S.B. 374, one of the most controversial — and dramatic — bills in Nevada’s legislature this year, is now law. The bill requires utilities to offer net metering to customers who install eligible systems until the aggregate capacity of accepted or approved completed applications for net metering equals 235 MW. After that limit is reached, utilities must offer net metering in accordance with a new tariff submitted on or before July 31, 2015, and approved by the Public Utilities Commission (PUC) on or before December 31, 2015. In reviewing such tariffs, the PUC is authorized to: (1) establish one or more rate classes for customer-generators; (2) establish terms and conditions for customer-generator participation in net metering, including enrollment limitations; (3) after the tariffs are adopted, close the new tariff to new customer-generators; and (4) allow utilities to set “just and reasonable” rates and charges to prohibit cost-shifting from net metering customers to other customers.
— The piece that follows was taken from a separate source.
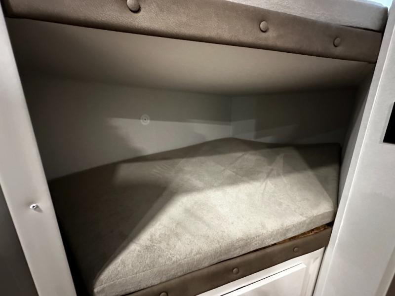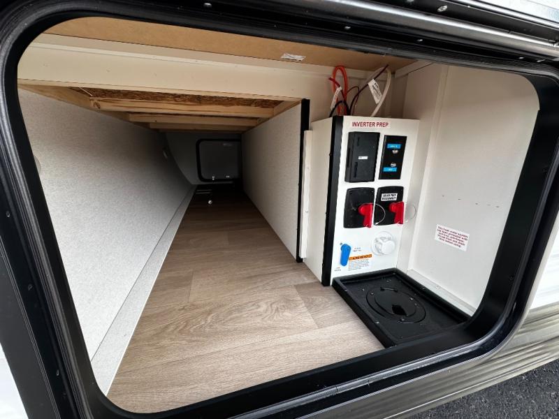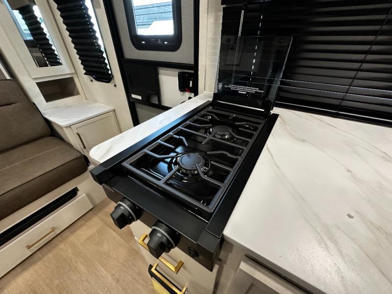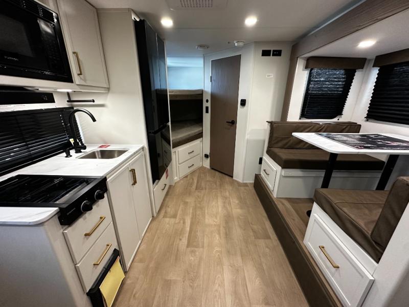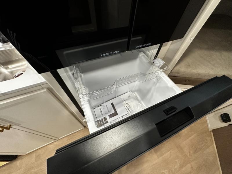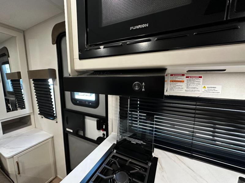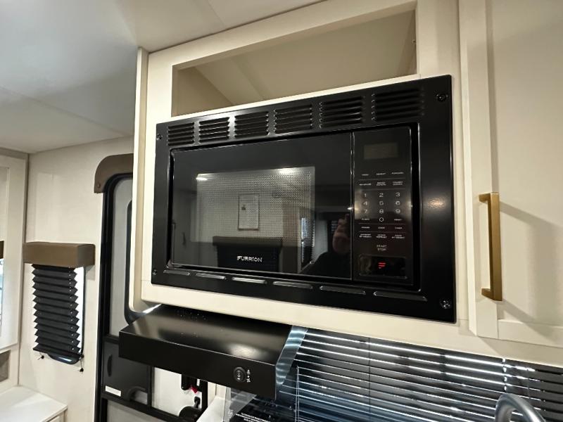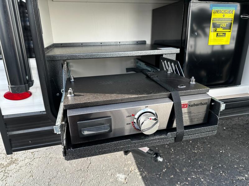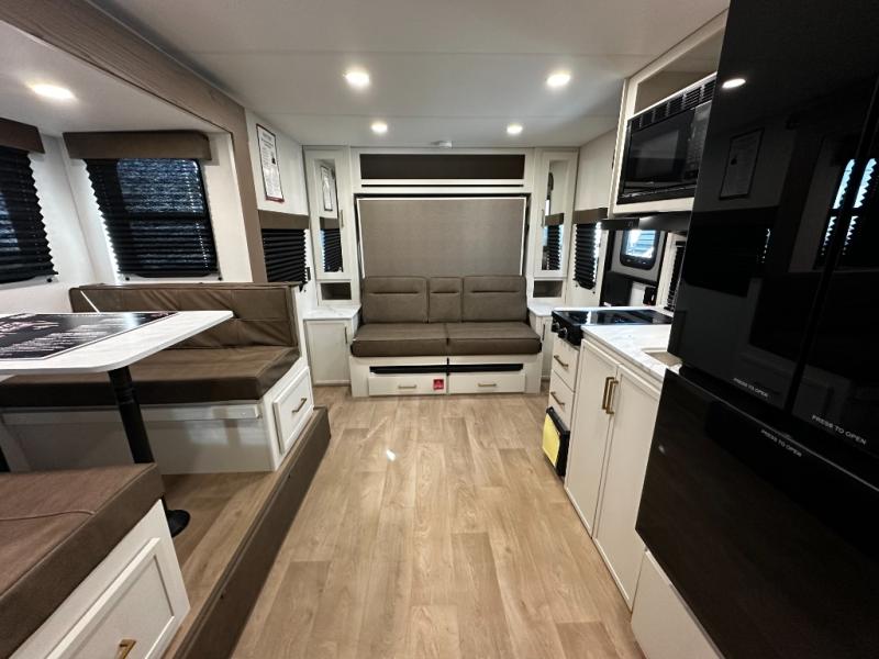 The well-appointed kitchen lets you prepare meals indoors on the two-burner range or take cooking outdoors with the exterior griddle and outdoor refrigerator. A pass-through storage compartment provides room for all your camping gear, from chairs to coolers, while modern conveniences like a JBL sound system, interior/exterior table, and Fusion-lit power awning enhance every adventure.

S.B. 374 removes, for net metering customers, an existing prohibition against utilities from revising schedules or imposing any rates on residential customers based on the time of use. It also requires utilities’ triennial resource plans to include DG deployment within a required low-carbon intensity scenario, an analysis of the effects of net metering on the reliability of utilities’ distribution systems, and the costs (to utilities) to provide electric service to all customers.
Net metering tariffs approved by the PUC under S.B. 374 may not take effect until after the date on which the 235-MW capacity requirement is met. If the PUC does not approve the required tariff by December 31, 2015, then beginning on January 1, 2016, utilities must offer net metering under the current law.